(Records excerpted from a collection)
------------------------------------

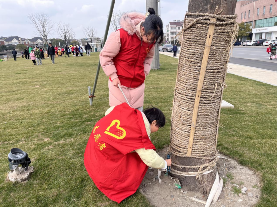 温暖的阳光照耀在十字漾的草坪上,身穿红色马甲的“河小青”志愿者们,手拿钳子、扫把等清洁工具捡拾沿河步道和草丛的烟头纸屑等垃圾。大手拉小手,“河小青”小志愿者的身影在草坪上穿梭,呼吁往来行人文明观景,保护河道共创美好家园,争做先行者、实践者和守护者。青年志愿者们还为小朋友和家长们上了一堂“青春自护·有你有我”户外教育课,切实提高青少年群体安全意识和避险自救能力,守护青少年身心健康。
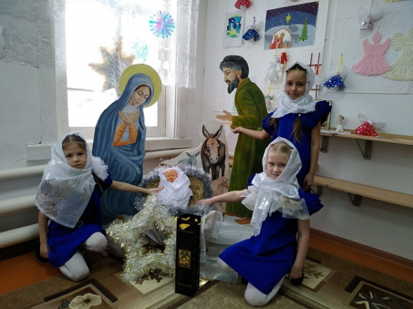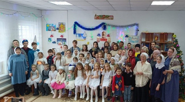 По окончании Всенощного бдения прихожане, дети, родители и гости собрались, чтобы вместе прославить Рождество Христово. Дети Воскресной школы к торжеству готовились основательно: учили слова, шили костюмы, оформляли зал, подготавливали атрибуты для спектакля. Дети под руководством Майковой Галины Павловны подготовили Рождественское представление, а так же исполнили Рождественские песни, тропарь и кондак, прочитали стихи. Ребята играли с вдохновением, старались поделиться радостью своих сердец о Родившемся Богомладенце со всеми присутствующими! И это им удалось. Атмосфера, в которой проходил праздник, была потрясающей! Также всех прихожан и гостей Праздника Рождества Христова поздравил настоятель Храма отец Андрей. Праздник получился ярким и радостным! Наш детский сад «Малыш» тоже принял участие в Рождественской встрече, он подготовил для маленького Иисуса подарок – стихи и песню «Рождество». В завершении праздника Галина Павловна обратилась к собравшимся с проповедью о Рождестве Христовом, а затем поблагодарила педагогов и воспитанников за прекрасное выступление, а затем детям были вручены сладкие подарки, а взрослым слова благословения за труды в деле духовно-нравственного просвещения подрастающего поколения.
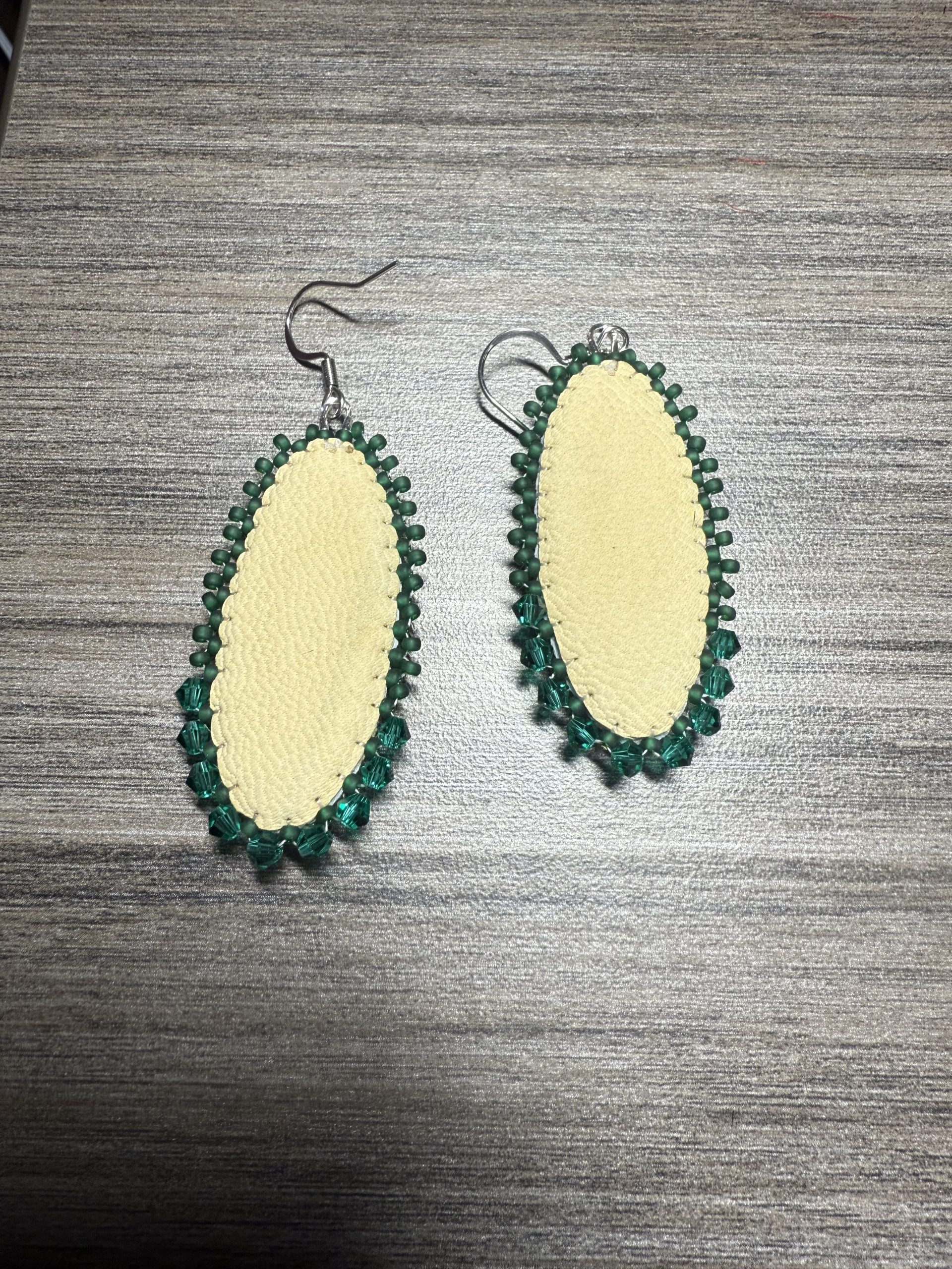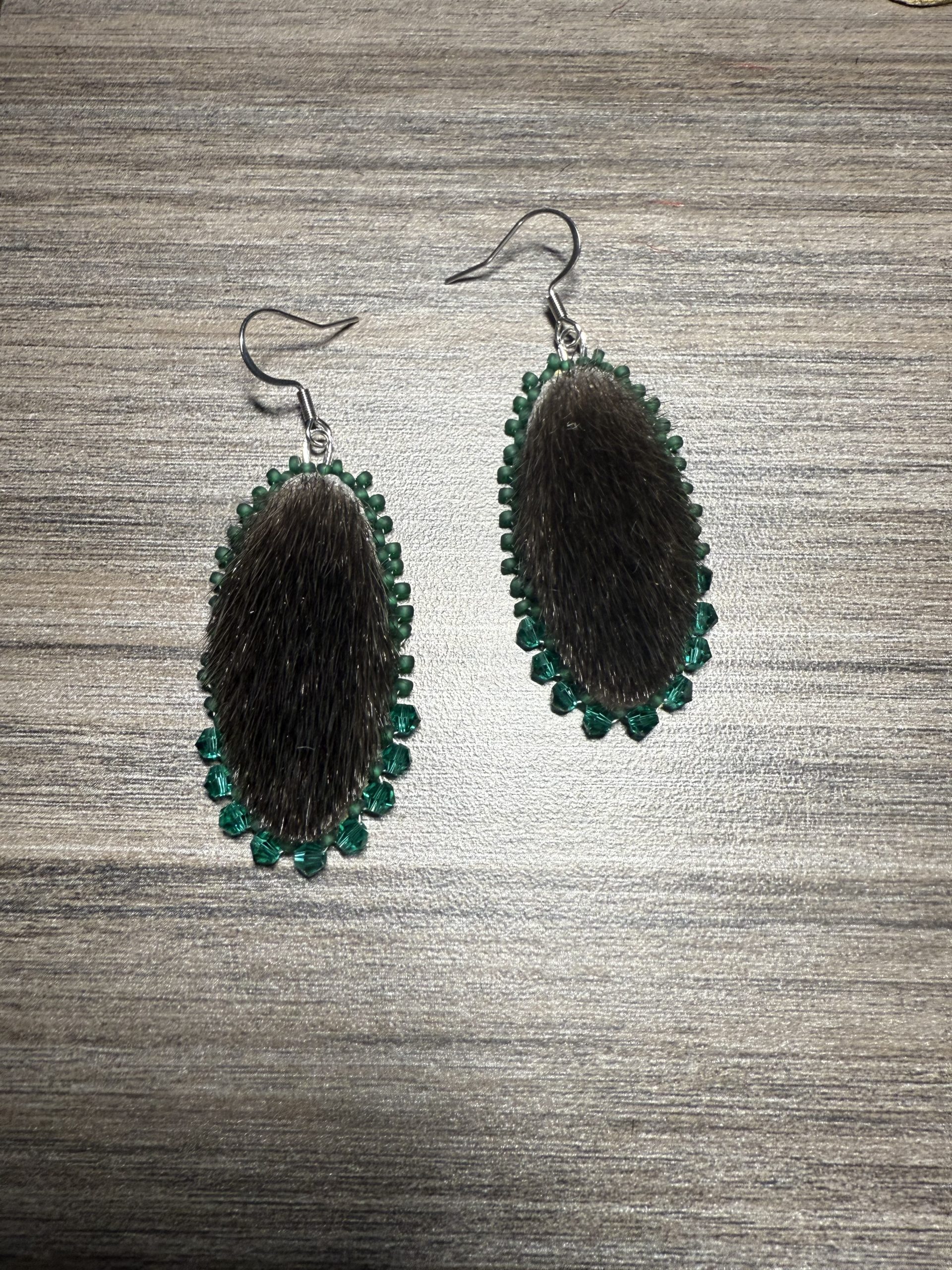 Harp Seal small Oval Earrings with seal leather backing & stainless steel hooks – 2inch length without hook
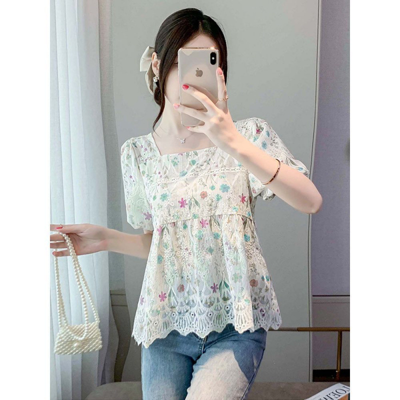 여성을위한 프랑스 꽃 쉬폰 셔츠 여름 2025 새로운 느슨한 달콤한 퍼프 슬리브 패션 탑 아름다운 셔츠스토어 가기
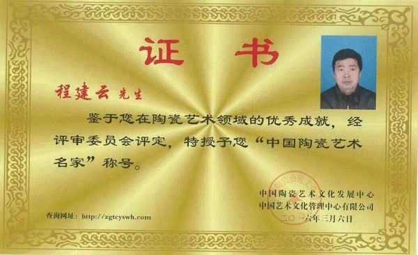 2016年經(jīng)中國陶瓷藝術(shù)文化發(fā)展中心評審委員會評定為“中國陶瓷藝術(shù)名家”
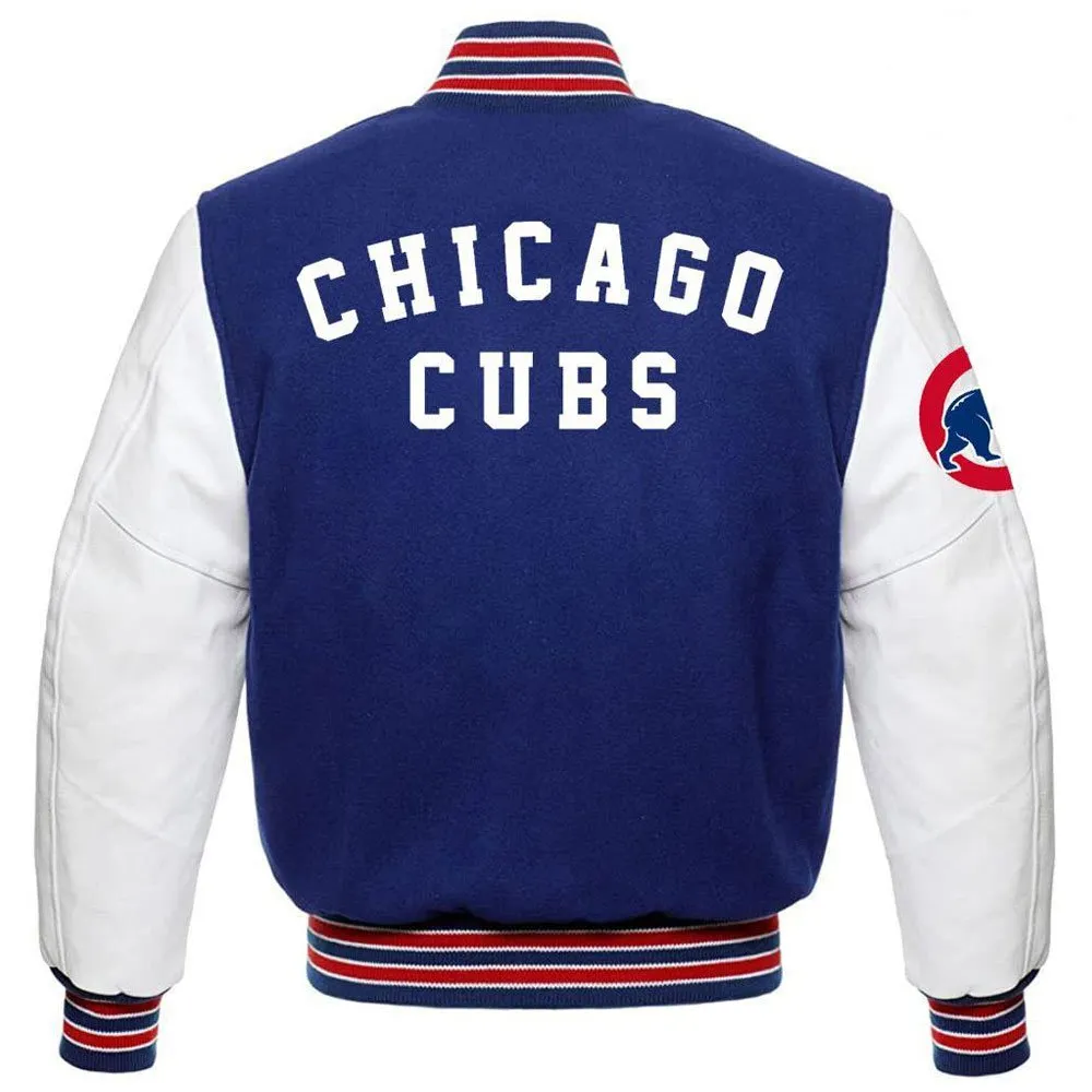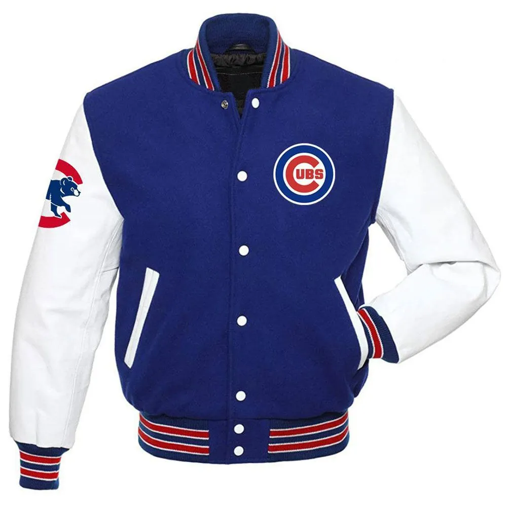 Chicago Cubs Blue and White Varsity Wool/Leather Jacket

------------------------------------

# [Problem to solve]
Restate each entry exactly, omitting pictures.

# [Exercise response]
 温暖的阳光照耀在十字漾的草坪上,身穿红色马甲的“河小青”志愿者们,手拿钳子、扫把等清洁工具捡拾沿河步道和草丛的烟头纸屑等垃圾。大手拉小手,“河小青”小志愿者的身影在草坪上穿梭,呼吁往来行人文明观景,保护河道共创美好家园,争做先行者、实践者和守护者。青年志愿者们还为小朋友和家长们上了一堂“青春自护·有你有我”户外教育课,切实提高青少年群体安全意识和避险自救能力,守护青少年身心健康。
 По окончании Всенощного бдения прихожане, дети, родители и гости собрались, чтобы вместе прославить Рождество Христово. Дети Воскресной школы к торжеству готовились основательно: учили слова, шили костюмы, оформляли зал, подготавливали атрибуты для спектакля. Дети под руководством Майковой Галины Павловны подготовили Рождественское представление, а так же исполнили Рождественские песни, тропарь и кондак, прочитали стихи. Ребята играли с вдохновением, старались поделиться радостью своих сердец о Родившемся Богомладенце со всеми присутствующими! И это им удалось. Атмосфера, в которой проходил праздник, была потрясающей! Также всех прихожан и гостей Праздника Рождества Христова поздравил настоятель Храма отец Андрей. Праздник получился ярким и радостным! Наш детский сад «Малыш» тоже принял участие в Рождественской встрече, он подготовил для маленького Иисуса подарок – стихи и песню «Рождество». В завершении праздника Галина Павловна обратилась к собравшимся с проповедью о Рождестве Христовом, а затем поблагодарила педагогов и воспитанников за прекрасное выступление, а затем детям были вручены сладкие подарки, а взрослым слова благословения за труды в деле духовно-нравственного просвещения подрастающего поколения.
 Harp Seal small Oval Earrings with seal leather backing & stainless steel hooks – 2inch length without hook
 여성을위한 프랑스 꽃 쉬폰 셔츠 여름 2025 새로운 느슨한 달콤한 퍼프 슬리브 패션 탑 아름다운 셔츠스토어 가기
 2016年經(jīng)中國陶瓷藝術(shù)文化發(fā)展中心評審委員會評定為“中國陶瓷藝術(shù)名家”
 Chicago Cubs Blue and White Varsity Wool/Leather Jacket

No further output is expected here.